_Your task_
With no word left out, write out the entire listing.

_Available data_
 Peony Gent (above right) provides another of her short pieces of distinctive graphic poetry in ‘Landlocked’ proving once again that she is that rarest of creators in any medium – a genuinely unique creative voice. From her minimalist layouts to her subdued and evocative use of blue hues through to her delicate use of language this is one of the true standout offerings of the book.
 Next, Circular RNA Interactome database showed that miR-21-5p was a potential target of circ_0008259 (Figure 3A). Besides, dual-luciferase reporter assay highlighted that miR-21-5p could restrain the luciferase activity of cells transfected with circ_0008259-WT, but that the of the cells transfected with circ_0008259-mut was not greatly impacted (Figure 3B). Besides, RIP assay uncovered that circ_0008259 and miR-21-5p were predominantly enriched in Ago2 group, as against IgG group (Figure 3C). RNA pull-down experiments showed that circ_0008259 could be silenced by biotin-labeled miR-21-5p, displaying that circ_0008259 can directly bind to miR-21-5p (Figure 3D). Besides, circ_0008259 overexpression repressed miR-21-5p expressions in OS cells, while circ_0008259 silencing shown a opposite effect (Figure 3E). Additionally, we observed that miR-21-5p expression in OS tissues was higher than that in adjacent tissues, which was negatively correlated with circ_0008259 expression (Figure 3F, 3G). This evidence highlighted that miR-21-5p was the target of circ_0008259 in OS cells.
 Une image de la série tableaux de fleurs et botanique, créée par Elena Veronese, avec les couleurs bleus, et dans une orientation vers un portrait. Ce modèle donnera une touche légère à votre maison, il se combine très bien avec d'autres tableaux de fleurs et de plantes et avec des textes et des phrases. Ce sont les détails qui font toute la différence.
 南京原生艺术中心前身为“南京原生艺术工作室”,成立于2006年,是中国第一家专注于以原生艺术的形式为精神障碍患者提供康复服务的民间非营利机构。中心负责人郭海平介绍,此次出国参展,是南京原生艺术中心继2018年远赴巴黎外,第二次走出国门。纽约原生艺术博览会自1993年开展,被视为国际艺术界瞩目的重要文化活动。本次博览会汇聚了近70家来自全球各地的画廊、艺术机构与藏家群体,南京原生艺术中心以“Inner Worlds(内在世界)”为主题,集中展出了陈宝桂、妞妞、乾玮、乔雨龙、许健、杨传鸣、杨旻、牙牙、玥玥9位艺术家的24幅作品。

_Task answer_
 Peony Gent (above right) provides another of her short pieces of distinctive graphic poetry in ‘Landlocked’ proving once again that she is that rarest of creators in any medium – a genuinely unique creative voice. From her minimalist layouts to her subdued and evocative use of blue hues through to her delicate use of language this is one of the true standout offerings of the book.
 Next, Circular RNA Interactome database showed that miR-21-5p was a potential target of circ_0008259 (Figure 3A). Besides, dual-luciferase reporter assay highlighted that miR-21-5p could restrain the luciferase activity of cells transfected with circ_0008259-WT, but that the of the cells transfected with circ_0008259-mut was not greatly impacted (Figure 3B). Besides, RIP assay uncovered that circ_0008259 and miR-21-5p were predominantly enriched in Ago2 group, as against IgG group (Figure 3C). RNA pull-down experiments showed that circ_0008259 could be silenced by biotin-labeled miR-21-5p, displaying that circ_0008259 can directly bind to miR-21-5p (Figure 3D). Besides, circ_0008259 overexpression repressed miR-21-5p expressions in OS cells, while circ_0008259 silencing shown a opposite effect (Figure 3E). Additionally, we observed that miR-21-5p expression in OS tissues was higher than that in adjacent tissues, which was negatively correlated with circ_0008259 expression (Figure 3F, 3G). This evidence highlighted that miR-21-5p was the target of circ_0008259 in OS cells.
 Une image de la série tableaux de fleurs et botanique, créée par Elena Veronese, avec les couleurs bleus, et dans une orientation vers un portrait. Ce modèle donnera une touche légère à votre maison, il se combine très bien avec d'autres tableaux de fleurs et de plantes et avec des textes et des phrases. Ce sont les détails qui font toute la différence.
 南京原生艺术中心前身为“南京原生艺术工作室”,成立于2006年,是中国第一家专注于以原生艺术的形式为精神障碍患者提供康复服务的民间非营利机构。中心负责人郭海平介绍,此次出国参展,是南京原生艺术中心继2018年远赴巴黎外,第二次走出国门。纽约原生艺术博览会自1993年开展,被视为国际艺术界瞩目的重要文化活动。本次博览会汇聚了近70家来自全球各地的画廊、艺术机构与藏家群体,南京原生艺术中心以“Inner Worlds(内在世界)”为主题,集中展出了陈宝桂、妞妞、乾玮、乔雨龙、许健、杨传鸣、杨旻、牙牙、玥玥9位艺术家的24幅作品。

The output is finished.